NeurIPS 2025 Image Generation Thompson sampling contextual bandit generative models missing data imputation meta-learning regret bounds

Contextual Thompson Sampling via Generation of Missing Data¶

Conference: NeurIPS 2025 arXiv: 2502.07064 Code: To be confirmed Area: Generative Models / Decision Systems / Contextual Bandits Keywords: Thompson sampling, contextual bandit, generative models, missing data imputation, meta-learning, regret bounds

TL;DR¶

This paper proposes Generative Thompson Sampling (TS-Gen), which reframes uncertainty in contextual bandits as missing data rather than unknown parameters. A generative model autoregressively imputes missing outcomes to implement Thompson sampling, and a regret bound directly tied to offline prediction loss is established.

Background & Motivation¶

Background: Classical Thompson sampling (TS) attributes environmental uncertainty to unknown latent parameters \(\theta\), relying on three operations: specifying a prior, sampling from the posterior, and updating the posterior. All three are notoriously difficult in neural network settings (intractable posteriors, unintuitive priors, and costly online updates).

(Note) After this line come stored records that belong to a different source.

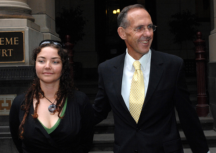 Photo: Greens senator Bob Brown and environmental activist Louise Morris (left) leave the Supreme Court in Melbourne, Tuesday, April 3, 2007. A Supreme Court judge today threw out an original statement of claim in a lawsuit taken out against 20 environmental groups or individuals, including two Green party politicians, citing their ongoing damaging campaigns and other activities against the company. (AAP Image/Julian Smith)
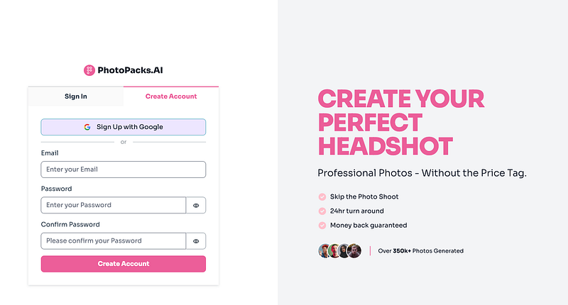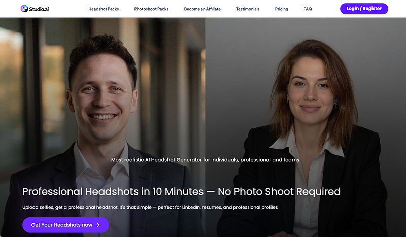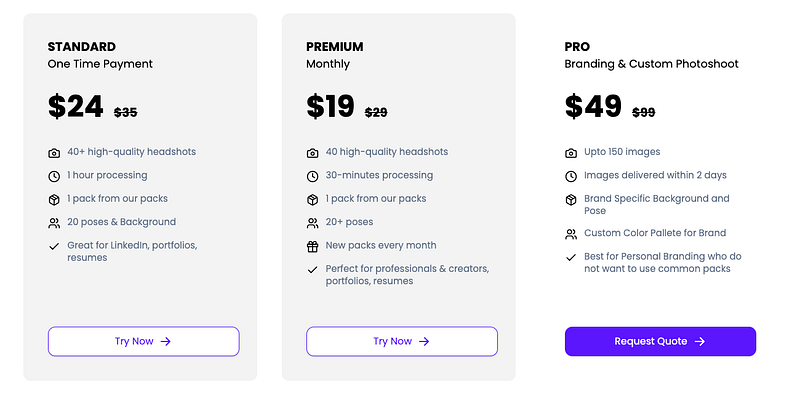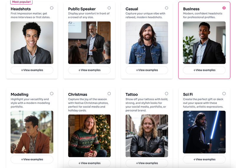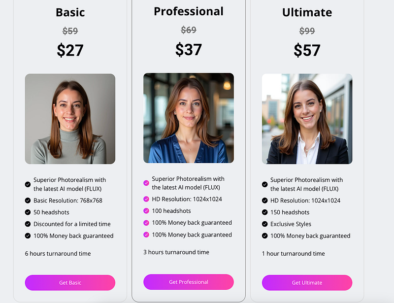 Please, have a look at these three different AI headshot generators and their landing pages.
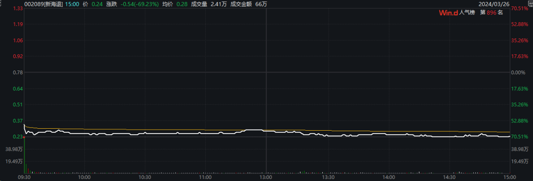 新海退(维权)(*ST新海)进入退市整理期首日,股价收盘重挫69.23%,盘中一度暴跌超过70%。
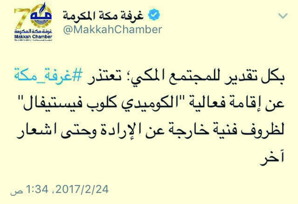ألغت غرفة مكة التجارية والصناعية فعاليات «كوميدي كلوب فيستيفال» التي كان مقررا إقامتها اليوم (السبت)، حسبما بينت في تغريدة لها على «تويتر»، قالت فيها «بكل تقدير للمجتمع المكي، تعتذر غرفة مكة عن إقامة فعاليات الكوميدي كلوب فيستيفال لظروف فنية خارجة عن الإرادة حتى إشعار آخر».
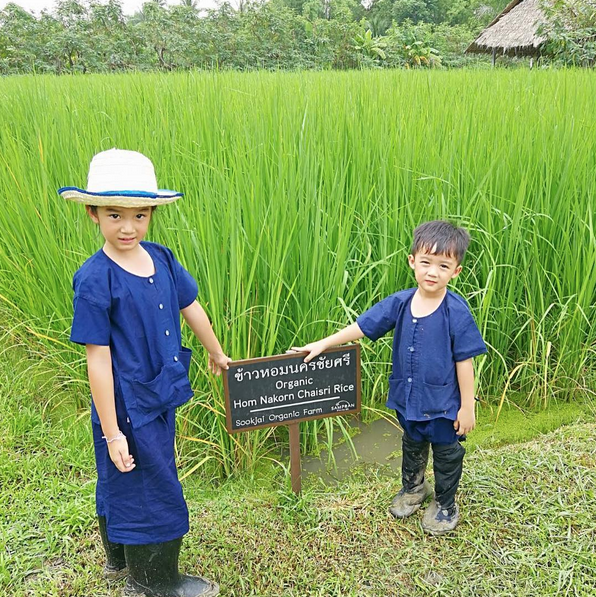 โดยงานนี้ ทั้งน้องณดาและน้องณดล ถูกจับให้ใส่ชุดม่อฮ่อม น่ารักทั้งพี่ทั้งน้องลุยธรรมชาติกันแบบสนุกสนาน ไม่ว่าจะเป็นการดำนา เก็บไข่เป็ดแบบสดๆ ในเล้า ทำเอาเด็กๆ และคุณแม่สนุกสนานไปกับการเรียนรู้ชีวิตแบบไทยๆ ในครั้งนี้ไม่น้อย ถือว่าเป็นอีกกิจกรรมดีๆ ที่จะได้สอนให้เด็กๆ ไม่ลืมรากเหง้าของความเป็นไทยไป

Limitations of Prior Work: (a) Bayesian uncertainty quantification methods for neural networks (variational inference, MC dropout, ensembles, etc.) are limited in effectiveness and computationally expensive; (b) existing TS theory is largely restricted to parametric models (linear/logistic regression) and does not naturally extend to complex industrial settings using foundation models; (c) there is no systematic framework for leveraging prior information from historical tasks in the meta-learning setting.

Key Challenge: How can Thompson sampling be made compatible with modern deep learning (sequence models, foundation models) while retaining provable theoretical guarantees?

Key Insight: Rather than treating uncertainty as arising from unknown parameters, this work treats it as missing observable data (counterfactual outcomes). If the outcomes of all actions were known, there would be no uncertainty—one could directly fit an optimal policy on the complete data. At each decision point, a generative model imputes the missing outcomes, a policy is fitted on the completed dataset, and an action is selected according to that policy.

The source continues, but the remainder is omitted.